Patrick Bach, a chief developer at Swedish video game studio EA DICE, answered with a resigned air this week when asked whether or not he's out to beat Call of Duty: Modern Warfare 3.
"We're not playing the same sport," he said. "We're not planning on being the same game as Call of Duty. They're making their game. We're making our game. If people prefer one game over the other then fine."
Bach's comments, given in DICE's salubrious central Stockholm headquarters, conceal one of the most heated battles in entertainment. The softly spoken creative went on to skirt a question from another journalist about how his views clash with those broadcast publicly from the corporate levels of EA, DICE's publisher, and his body language made it easy to believe he wants to simply forget about the politics of the games business altogether.
Because the machinations are intense: this is war. DICE is putting the finishing touches to Battlefield 3, the latest in a line of video games which stretches back to 2002, and EA's primary assault on gaming's shooter category, a genre that commands around $5 billion annual revenue in the US and Europe.
EA's facing off against Activision and the might of Call of Duty. The last game in the series, 2010's Black Ops, holds the current record as the biggest media launch of all time: the title cleared $360 million revenue in its opening day last November, beating the previous holder and series predecessor Call of Duty: Modern Warfare 2 with its $310 million in 24 hours on sale in 2009.
The next Call of Duty title, Modern Warfare 3, will release around two weeks after Battlefield 3, a game which has been the subject of EA's biggest ever marketing spend - the company is using $100 million for promotion.
While it was unthinkable that anything could come close to Call of Duty in the contemporary shooter market before this year, Battlefield has been shown running on high-end PCs at a technical level far beyond the ailing innards of Xbox 360 and PS3, which have now both been on the market for more than five years.
Modern Warfare 3 however, has mainly been seen running on Microsoft's Xbox 360: Activision has long-term content exclusivity deals in place which see Call of Duty expansion packs release on the Microsoft console first.
As a consequence, EA has managed to portray Battlefield as a "next generation" take on the hugely popular American-soldier-against-the-bad-guys games space.
It's a power-play in every sense.
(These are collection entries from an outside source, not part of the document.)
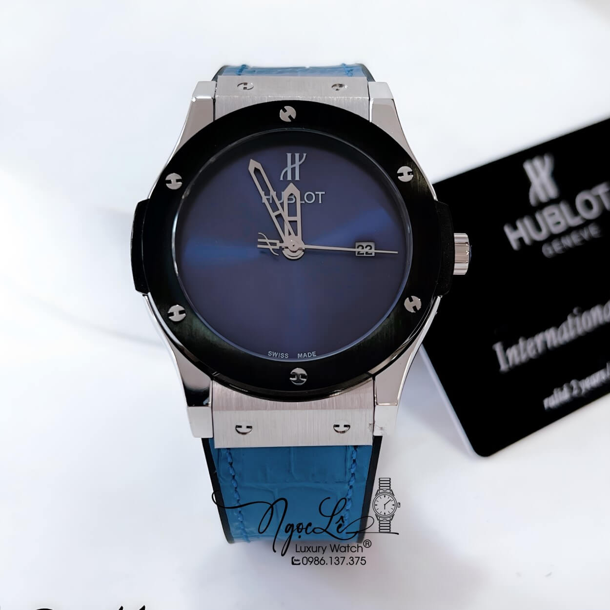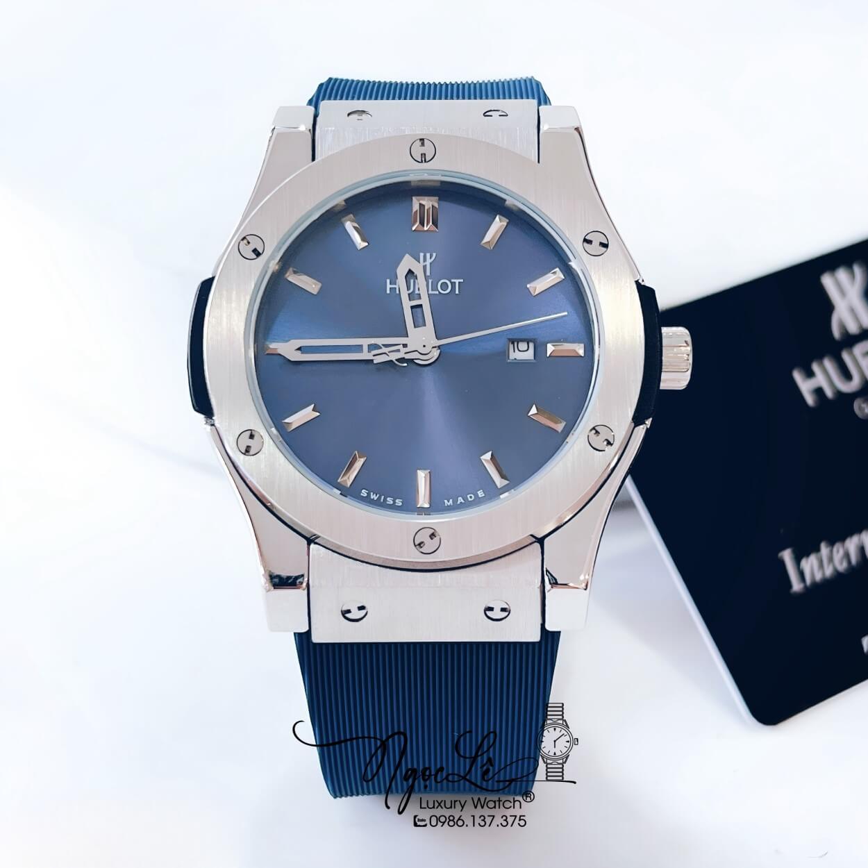 Đồng Hồ Hublot Classic Fusion Nam Máy Pin Dây Da Silicon Xanh Navy Vỏ Bạc Size 42mm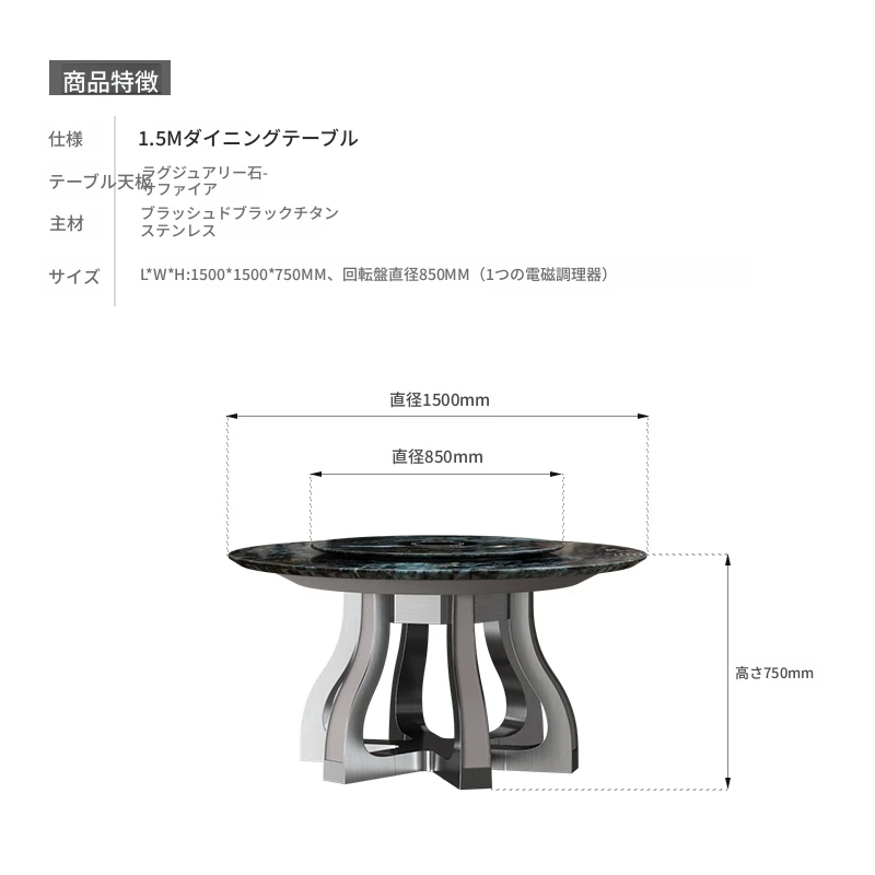 【天然ラグジュアリー石サファイア】1.50mダイニングテーブル(ブラックチタン合金)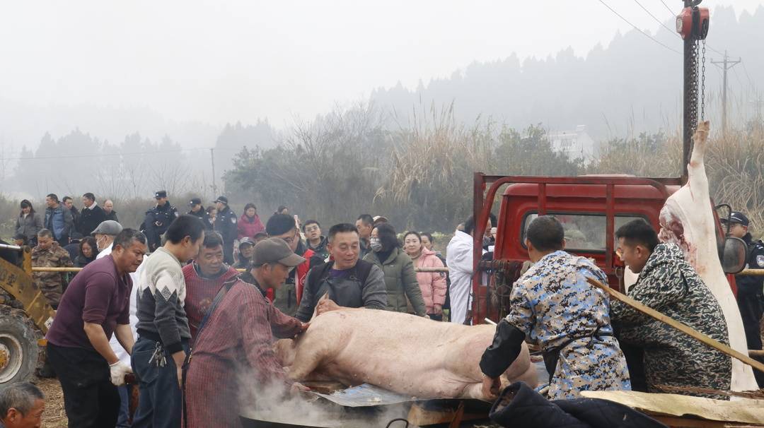 1月15日早上8时许,四川资阳安岳县通贤镇帽石村,田间露气还没散尽,临时搭建的灶台上已蒸腾起热气。不远处,有人正忙着杀猪,100多只鸡鸭鹅也在扑腾着翅膀。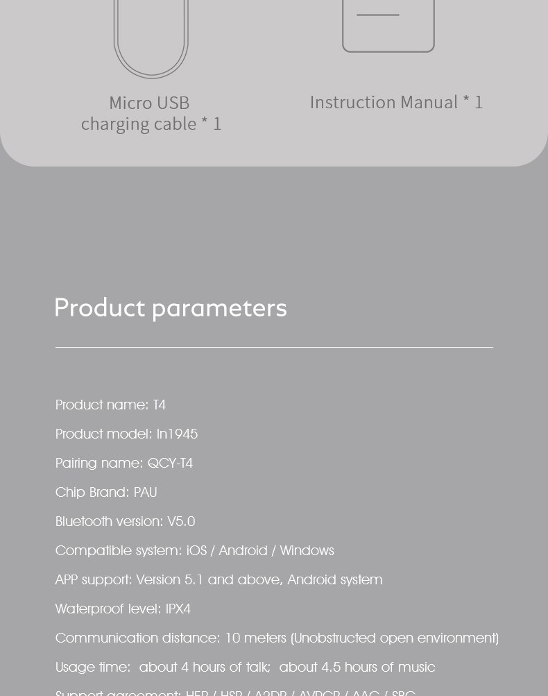 Support protocol: HFP/HSP/A2DP/AVRCP/AAC/SBC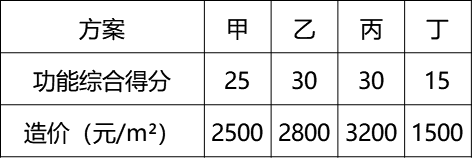 答察解析: 功能得分总和=25+30+30+15=100,造价总数=2500+2800+3200+1500=10000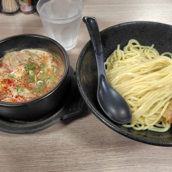 東京都品川区大井1-1-7マップで見る辛とんの並の高温でグツグツ煮えた豚骨白湯出汁ベースのつけ汁は辣油と胡麻の風味がバランス良くマリアージュ。麺は多加水中太スト麺で冷水でキンキンに締められもちもち食感。熱々のつけ汁に浸った薄豚バラ肉も旨し。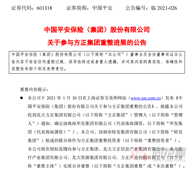 传闻已久的“中国平安参与北大方正集团重组”终于官宣。
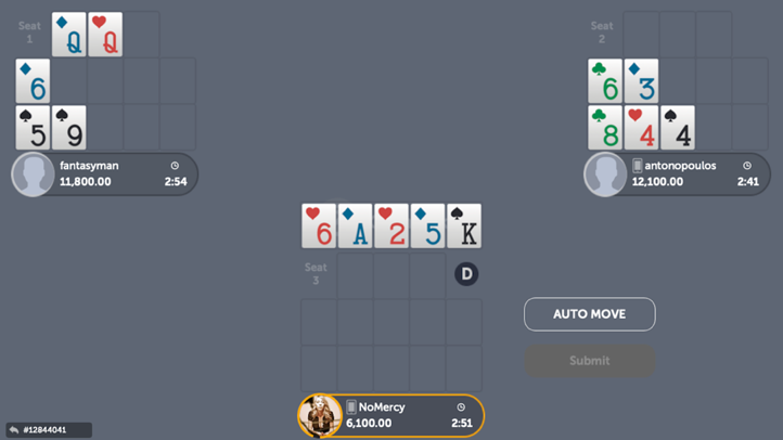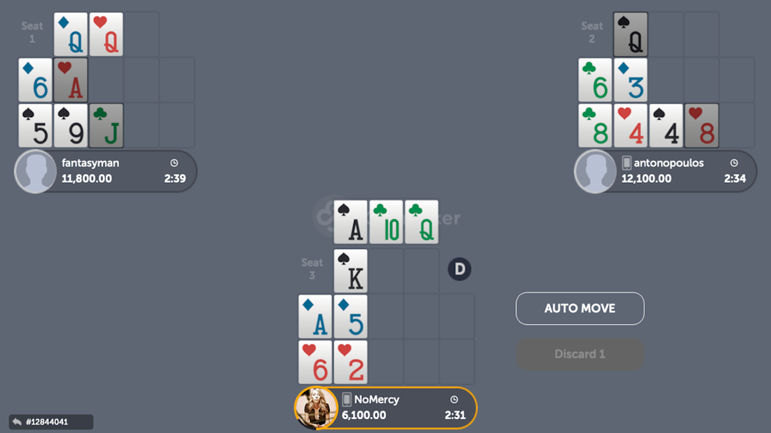 Being last to act and seeing the cards that my opponents have revealed, this is a pretty standard opening for the Ace and the King. Indeed, the Ace will go in the middle for sure, and the King will go on top. As for 6-5-2, I decided to be a little creative and to start chasing down a flush on the bottom row with 6-2 of heart. This play may be debatable, but this will be the subject of another column. Right here right now, I saw that the sixes were almost dead, but that a lot of hearts were remaining in that deck, so I decided to go this way, knowing that I could still change my plan and make trips deuces on the back, or why not quads! I can always abandon my flush as well and settle down for two pairs on that line.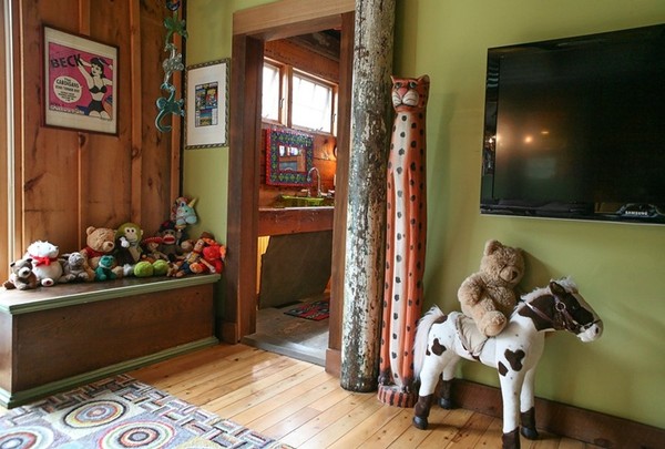 Phòng tắm cũng đậm chất cá tính và đặc sắc. Bên ngoài phòng tắm được bài trí với thú bông và những con vật bằng gỗ có hình dáng lớn mà hai vợ chồng tìm mua được.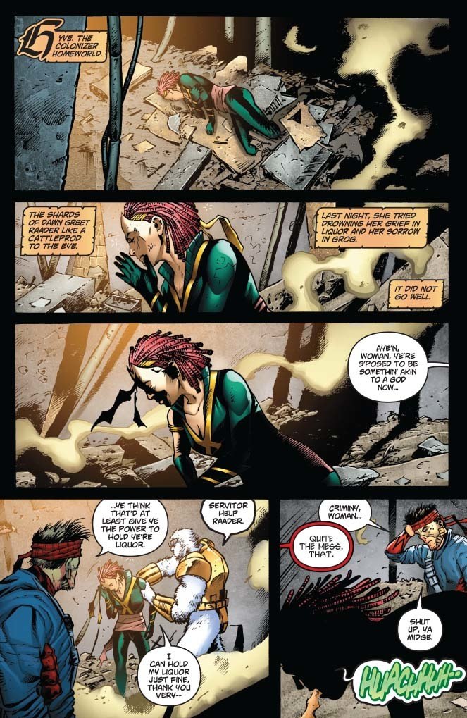 The last panel depicts the "death" of Servitor. I love how Andrea decided to go all-silhouette here. It makes dialogue and narration unnecessary.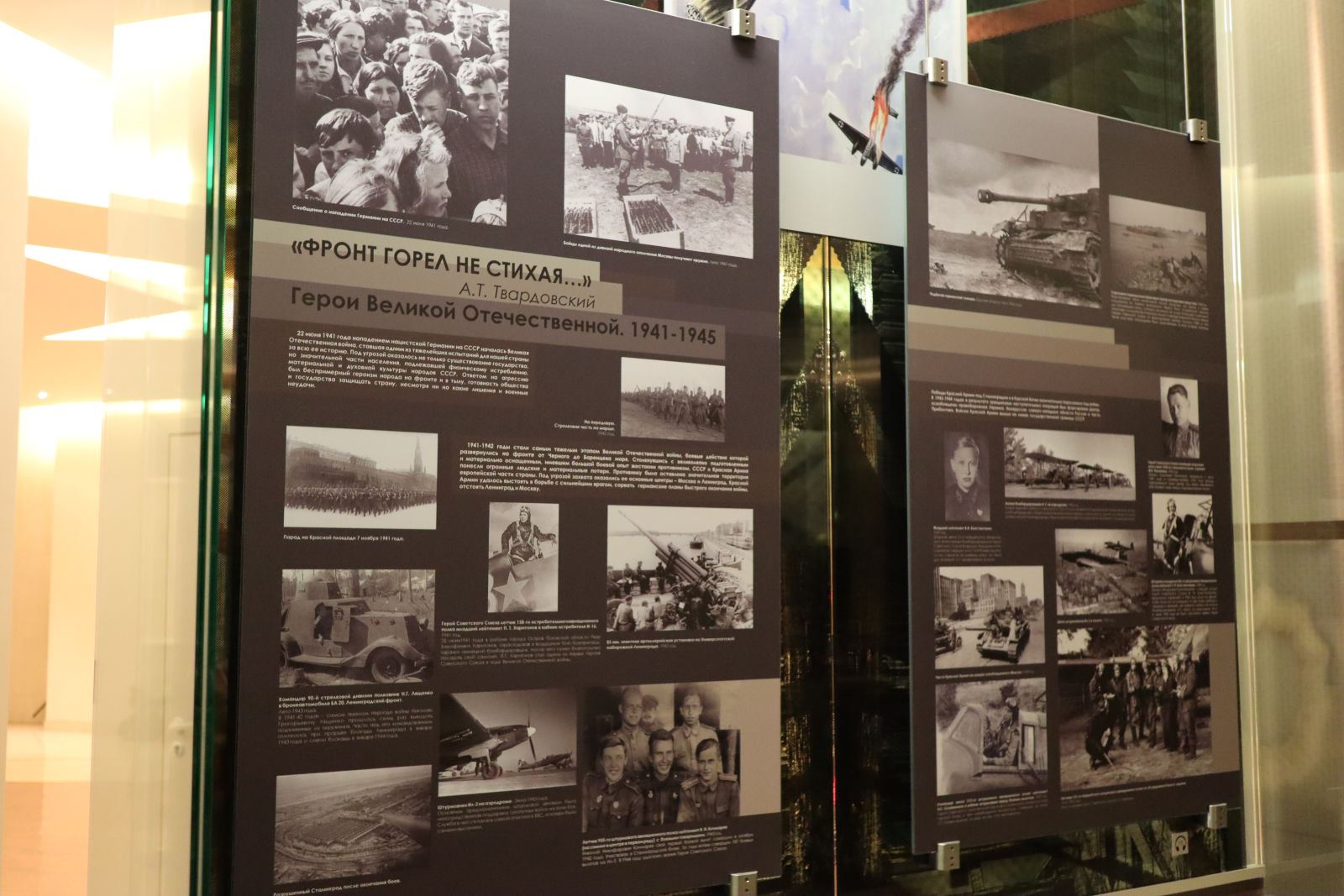С самого начала Великой Отечественной войны советский народ проявлял массовый героизм. Так, уже в июне 1941-го несколько лётчиков-истребителей совершили воздушные тараны. Это были первые награжденные Герои Великой Отечественной. В их числе – Пётр Харитонов, чья фотография находится в центре стенда. Ниже в витрине – автобиография Героя. Как вы можете прочесть, Пётр Тимофеевич родился и вырос в глухой тамбовской деревне, в семье пастуха. Однако этот деревенский парень, пройдя аэроклуб и школу летчиков, поднялся в воздух за штурвалом самолета.

This is EA's big move on the shooter genre, and its top-tier executives have been ferociously aggressive towards Activision over Battlefield and Modern Warfare this year. EA CEO John "JR" Riccitiello said in June he wants Call of Duty to "rot from the core," a comment which caused Activision chief executive Eric Hirshberg to call for a cessation of insult-throwing and a focus on furthering games as a medium.
EA responded by telling Hirshberg to shut up.
"You've got every reason to be nervous," said EA comms boss Jeff Brown.
"Last year Activision had a 90 share in the shooter category. This year, Battlefield 3 is going to take you down to 60 or 70. At that rate, you'll be out of the category in 2-3 years."
While the likes of Brown and Hirshberg trade snips behind the lines, though, creatives like Bach and the US-based Infinity Ward are very much at the front.
Bach is doing his best to shield himself from the realities from a world where a single video game release can command revenues well in excess of $1 billion, but the commercial pressure on these studios is gigantic. As a case in point, Infinity Ward is recovering from a sensational period in which its two founders, Vince Zampella and Jason West, were fired from Activision for "insubordination": they moved to EA and set up a new super-developer, titled Respawn.
The legal fallout is expected to drag on for years. Modern Warfare 3 is Infinity Ward's first game under new management, and is now experiencing real competition from Battlefield.
Whether or not Battlefield can come anywhere near Modern Warfare's inevitably huge success is moot: Wedbush Morgan analyst Michael Pachter estimated in August that the Infinity Ward shooter will likely outsell Battlefield 3 by 2:1.
Whatever the eventual outcome, the stage is set for an epic showdown between the two games this autumn. While the real "winner" of such rivalries is always the consumer, this may well be the year Modern Warfare's stranglehold on the lucrative shooter market is broken. Just spare a thought for the likes of Patrick Bach when the nukes begin launching with Battlefield 3 on October 25.